目黒区は1981年に西郷山公園を開設した後、
1997年、国鉄アパートの土地、6000坪あまり(つまり西郷邸の庭と建物があったところ)を取得した。
1997年、国鉄アパートの土地、6000坪あまり(つまり西郷邸の庭と建物があったところ)を取得した。
さらに発掘調査して庭園をある程度復活させ、菅刈公園として2001年に開園。
区として高額な出費であったに違いない。
帰りは公園内の坂道をのぼって旧山手通りに出た。
途中、段々畑のように石垣で造成された平地がある。
おそらく国鉄の職員宿舎の跡であろう。
不自然な石垣は、ここが国鉄アパートの入り口だった跡だろうか。
1995
確かに菅刈公園はJR青葉台宿舎になっている。
朝倉邸は中央官庁渋谷会議所
前田邸の駒場公園といい、西郷邸跡といい、目黒区はきちんと購入し、市民に無料で開放している。建物も修復維持し、お茶会など区民活動に供している。

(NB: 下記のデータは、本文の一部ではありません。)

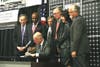 Senator Joseph Simitian's renewable energy bill was signed into law today at the dedication of a new solar panel manufacturing plant.
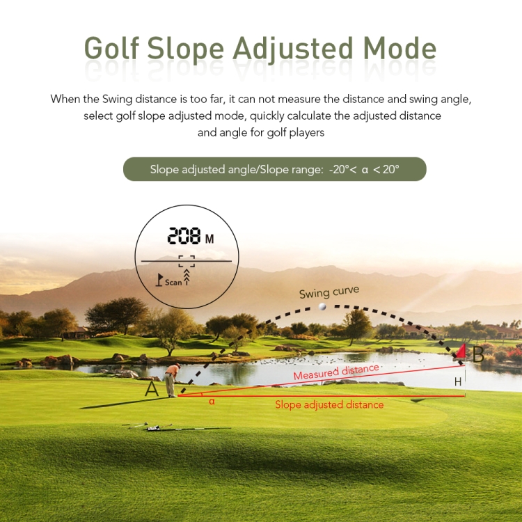 1. Functions: distance measurement, speed measurement, height measurement, angle measurement, golf trajectory correction, flagpole lock, smoke
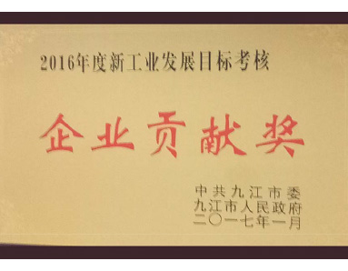 中共九江市委、九江市人民政府聯(lián)合授予“2016年度新工業(yè)發(fā)展目標考核企業(yè)貢獻獎”榮譽(yù)
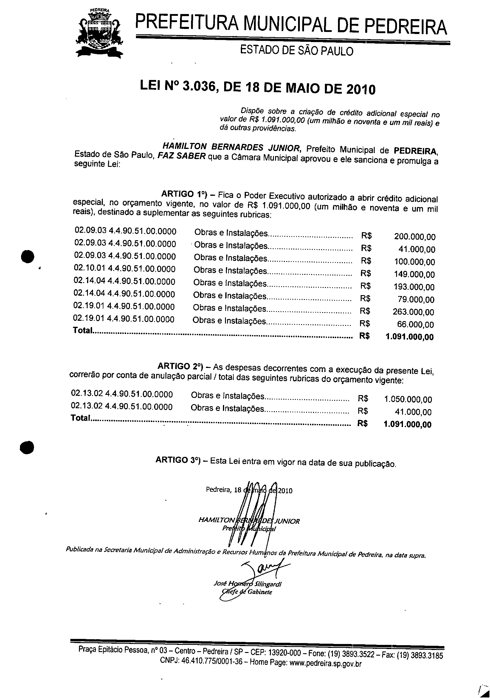 Ementa: Dispõe sobre a criação de crédito adicional especial no valor de R$ 1.091.000,00 (um milhão e noventa e um mil reais) e dá outras providências.
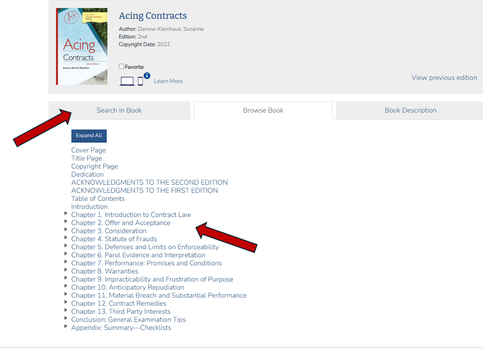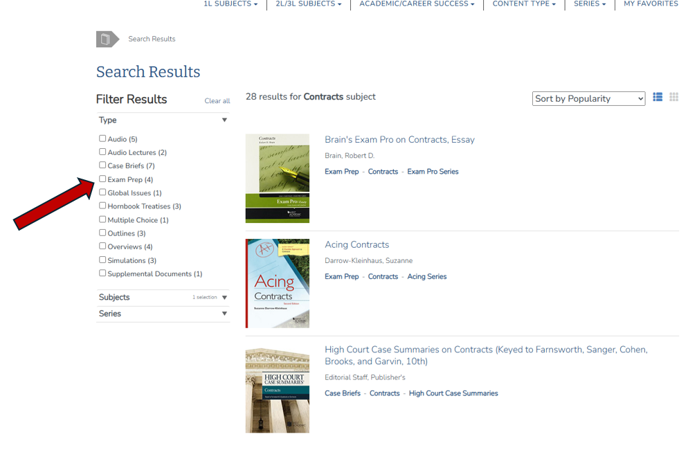 2. From there, I can filter the resource type. For example, I might filter by “Exam Prep” or “Outlines.” Then open the book of your choice (here, I opened Acing Contracts).
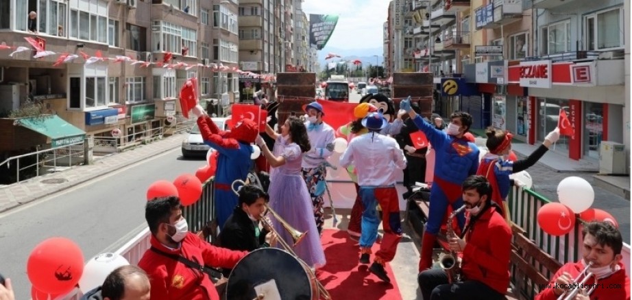 İzmit Belediyesi, 23 Nisan Ulusal Egemenlik ve Çocuk Bayramı etkinlikleri kapsamında, koronavirüs nedeniyle sosyal mesafeyi koruyarak hazırladığı kutlama programıyla, kentin dört bir yanını bayram yerine çevirdi. İzmit Belediyesi Kültür Müdürlüğü’nün koordinasyonunda Türk Bayrakları, Atatürk fotoğrafları ve balonlarla süslenen belediyeye ait araçlar, animatörler ve bando ekipleri eşliğinde marşlar çalarak İzmit’in mahallelerinde dolaştı. Program İzmit Belediyesi sosyal medya hesaplarından da canlı olarak yayınlandı.

民度の高い区は、税金を有効に使い、ますます住民の生活が豊かになり、また区としてのブランドも高まっていく。
一方、文京区なら住民がいくら要望しても、ふつうに民間から民間に渡りマンションが建ってしまうだろう。世間のイメージと異なり、文化に対する文京区長、区役所の意識、あるいは民度は平均より低いのではないか?